ハイブリッド戦争に対する著者の評価として、「戦争は人間同士の「意思のせめぎ合い」なのであって、テクノロジーはその一要素にすぎない」というマクマスターの言葉が引かれていて、さまざまな工作やいろいろな新しい兵器が使われているけれどもそれだけで済まそうとはロシアは考えていない、と述べていて、それがまさに今ロシアのいう「特別軍事作戦」という形で実行されているのだなと思った。

しかしこの現在のロシアの戦争のうまく行っていない感じというのがなぜ起こっているのか、それらについては開戦前の著作であるこの本に求めることはできないわけだけど、やはりそのようなロシア軍の状態は専門家にとっても予想外のことだったのだなと思った。

あと印象に残ったのは、ドイツは1989年時点で34万人の兵力を持っていたが2010年には9万人にまで削減されたということ。自衛隊の現員ですら23万人いるのでかなり以外なのだけど、NATOの枠で考えるとヨーロッパだけで185万人もいるということで、それで十分と考えているのかなと思ったりした。現在78/300ページ。


この本の内容はロシアの戦略についてなのでまた別の話なのだが、ウクライナの国民がまとまって戦えているのは、政権を握るゼレンスキーが東部出身のロシア語話者だということも大きいのではないかと思った。

もし西部のウクライナ語話者が大統領だったら東部のロシア語地域に十分に影響力を持てなかった可能性もあるかもしれないと思ったりする。ロシア語話者がロシアに立ち向かうところに意味があるのかもしれない。そしてゼレンスキー大統領がユダヤ人であることも、ロシアによる「ウクライナの政権はネオナチ」という主張を説得力のないものにしている。

ここにきてロシアのラブロフ外相が「ユダヤ人であることはネオナチでないことの証拠にはならない。ヒトラーもユダヤ人の血を引いていた」などと正直言って「どうかしてる」ことを言い出してイスラエル政府を激怒させたりしているが、ゼレンスキー自身も「ロシアトップの外交官が、ナチスの罪をユダヤ人に押し付けている。ロシア政府が第2次世界大戦の教訓をすべて忘れたか、最初から学んでいなかったかだ」と強く非難している。ラブロフは自分の言っていることは信じていなくて戦略的におかしなことを言っているのだと思っていたけれども、こうなってくるとそれもどうなんだろうという気もしてきた。

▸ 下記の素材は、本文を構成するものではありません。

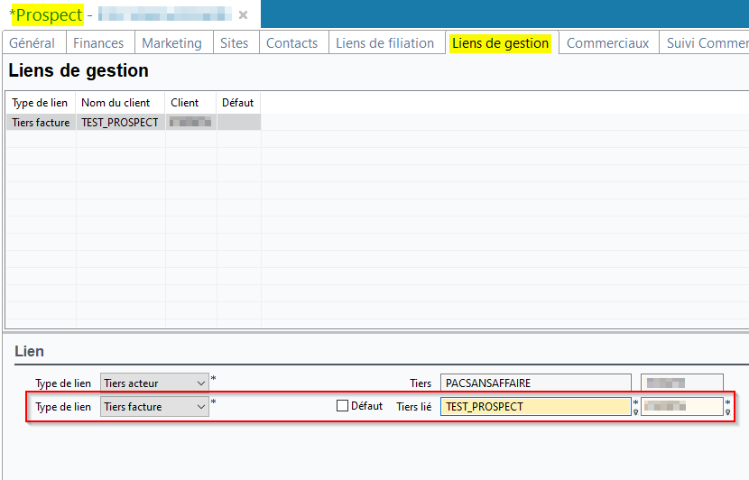 Auparavant, dans l'onglet Liens de gestion d'un prospect (Tiers > Clients / Prospects), un prospect ne pouvait pas être ajouté en tant que lien de gestion. Désormais, il est possible de lier un prospect.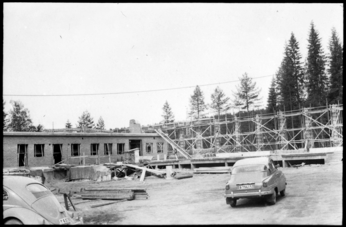 Vägstation Y1, Ånge. Byggande av ny vägstation. Kontors- och förrådsbyggnad. Personbilar i förgrunden, Saab B79415 och Volkswagen.

逆に言えば一般に国際社会では「ナチスの最大の罪」は「ユダヤ人虐殺」であったと考えられているわけだけれども、ロシアにおいては必ずしもそうではないということも垣間見える感じはした。どう考えられているのかはちょっと測りきれないが、「ロシアに侵攻したこと」が最大の罪だと考えられているのかもしれない。この辺りのところはもっと調べてみないとわからないのでこれ以上は言えないが、正気を失ったと考えるのもどうかと思うので彼らには彼らの理屈があると考えるべきだろう。プーチンやロシアにとってユダヤ人の存在はどう位置付けられているのかということも改めて調べる必要はあると思った。実際のところ、まだまだよく知らないことは多いなと改めて思わされた。